The question is, how can your brand meet customers where they are? As a new report from Forrester points out, voice interfaces challenge businesses to literally define how they express their brands via voice. Analyst Dipanjan Chatterjee writes,

We have crossed a threshold of consumer adoption and brand engagement, and voice strategy has moved from being a twinkle in the CMO’s eye to a rapidly unfolding reality that will define the brand experience in the near future. While the everyday implementation of voice may not yet have the ease of human conversation, the pace of change is rapid and the leaders have already moved. If you don’t have a voice strategy in the making today, it’s time to move now or risk falling behind.

Defining a voice-based strategy also means understanding the nuances of designing for voice. Jakob Nielsen’s time-honored Web heuristics still apply today, but at Moonshot, we’ve found three heuristics to be essential to creating lovable experiences in the world of voice.

1. HAVE DEPTH

Have a clear idea of who your user is and how they communicate. For example, if your skill is geared toward millennials, understanding how they talk so that you are communicating in a way that feels authentic to them. Speak their language. And as a person does, design the skill to have an emotional range.

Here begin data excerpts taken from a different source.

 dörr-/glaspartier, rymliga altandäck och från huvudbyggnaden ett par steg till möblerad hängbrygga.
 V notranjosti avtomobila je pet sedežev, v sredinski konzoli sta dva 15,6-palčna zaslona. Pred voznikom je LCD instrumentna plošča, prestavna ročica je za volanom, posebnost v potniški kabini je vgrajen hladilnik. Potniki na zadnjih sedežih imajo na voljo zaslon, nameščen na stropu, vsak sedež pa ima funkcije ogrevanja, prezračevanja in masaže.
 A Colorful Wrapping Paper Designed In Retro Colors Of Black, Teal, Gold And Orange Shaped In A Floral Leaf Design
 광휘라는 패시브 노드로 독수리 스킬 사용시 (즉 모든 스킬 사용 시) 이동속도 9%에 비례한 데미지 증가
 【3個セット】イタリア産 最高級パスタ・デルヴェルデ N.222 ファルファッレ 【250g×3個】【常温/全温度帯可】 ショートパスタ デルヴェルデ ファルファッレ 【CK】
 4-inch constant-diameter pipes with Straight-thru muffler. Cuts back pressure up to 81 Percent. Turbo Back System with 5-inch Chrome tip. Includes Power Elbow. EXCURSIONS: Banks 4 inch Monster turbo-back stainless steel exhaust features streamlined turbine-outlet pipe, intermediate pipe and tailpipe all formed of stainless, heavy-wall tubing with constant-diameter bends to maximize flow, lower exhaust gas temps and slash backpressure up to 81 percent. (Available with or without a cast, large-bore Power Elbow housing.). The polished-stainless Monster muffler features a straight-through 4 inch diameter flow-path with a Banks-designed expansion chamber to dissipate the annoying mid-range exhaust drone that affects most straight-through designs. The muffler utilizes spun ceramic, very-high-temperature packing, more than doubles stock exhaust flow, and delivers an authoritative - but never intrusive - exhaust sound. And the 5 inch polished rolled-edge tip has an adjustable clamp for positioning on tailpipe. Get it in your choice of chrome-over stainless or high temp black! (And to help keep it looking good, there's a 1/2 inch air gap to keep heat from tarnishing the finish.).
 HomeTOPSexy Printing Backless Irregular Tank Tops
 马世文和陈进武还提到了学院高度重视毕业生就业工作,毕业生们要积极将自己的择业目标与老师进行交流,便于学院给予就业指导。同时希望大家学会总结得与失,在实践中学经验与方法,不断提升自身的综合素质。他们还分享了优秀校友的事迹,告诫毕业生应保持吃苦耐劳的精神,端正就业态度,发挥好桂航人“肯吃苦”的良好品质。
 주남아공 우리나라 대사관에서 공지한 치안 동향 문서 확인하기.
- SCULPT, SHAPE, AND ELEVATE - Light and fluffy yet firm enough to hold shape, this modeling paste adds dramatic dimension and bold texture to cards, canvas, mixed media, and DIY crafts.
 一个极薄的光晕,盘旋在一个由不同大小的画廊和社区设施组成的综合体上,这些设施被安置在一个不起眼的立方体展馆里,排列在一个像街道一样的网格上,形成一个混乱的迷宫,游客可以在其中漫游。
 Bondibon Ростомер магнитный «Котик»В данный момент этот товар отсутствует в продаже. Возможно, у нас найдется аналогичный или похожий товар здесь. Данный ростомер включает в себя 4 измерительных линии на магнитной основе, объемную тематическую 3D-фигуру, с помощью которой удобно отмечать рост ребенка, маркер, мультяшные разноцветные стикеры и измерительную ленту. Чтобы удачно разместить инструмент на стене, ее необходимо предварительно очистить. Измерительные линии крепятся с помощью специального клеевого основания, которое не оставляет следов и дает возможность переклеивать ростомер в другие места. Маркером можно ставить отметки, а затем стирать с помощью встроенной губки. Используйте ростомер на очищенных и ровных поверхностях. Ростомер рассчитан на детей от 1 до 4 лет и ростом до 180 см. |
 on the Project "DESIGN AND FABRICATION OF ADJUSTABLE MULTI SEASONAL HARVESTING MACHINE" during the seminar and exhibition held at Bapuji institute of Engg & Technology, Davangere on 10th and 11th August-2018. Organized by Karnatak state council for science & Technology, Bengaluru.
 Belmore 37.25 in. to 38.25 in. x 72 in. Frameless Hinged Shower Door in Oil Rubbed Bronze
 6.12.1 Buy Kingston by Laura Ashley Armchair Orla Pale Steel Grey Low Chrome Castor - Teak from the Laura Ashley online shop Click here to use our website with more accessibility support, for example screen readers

ALEXA: You got it. This recipe will slow cook all day. Perfect meal after a long day at work.

Or

ALEXA: Sorry, this is frustrating. Let me try again . . .

2. KNOW THE LIMITS

Design the right follow-up prompt for the user request. Ask for confirmation before providing a long answer to a question. Know when to move the conversation to a different platform depending on the environment and job at hand. And know when to end the conversation.

ALEXA: Cats sleep 16 to 18 hours per day. Should I keep going?

3. KEEP EVOLVING

Listen well and keep evolving the skill. Ask for feedback to see if the answer was successful. Review the data to see what consumers are asking for to intelligently invest in the conversation and validate your investment with objective key results (OKR).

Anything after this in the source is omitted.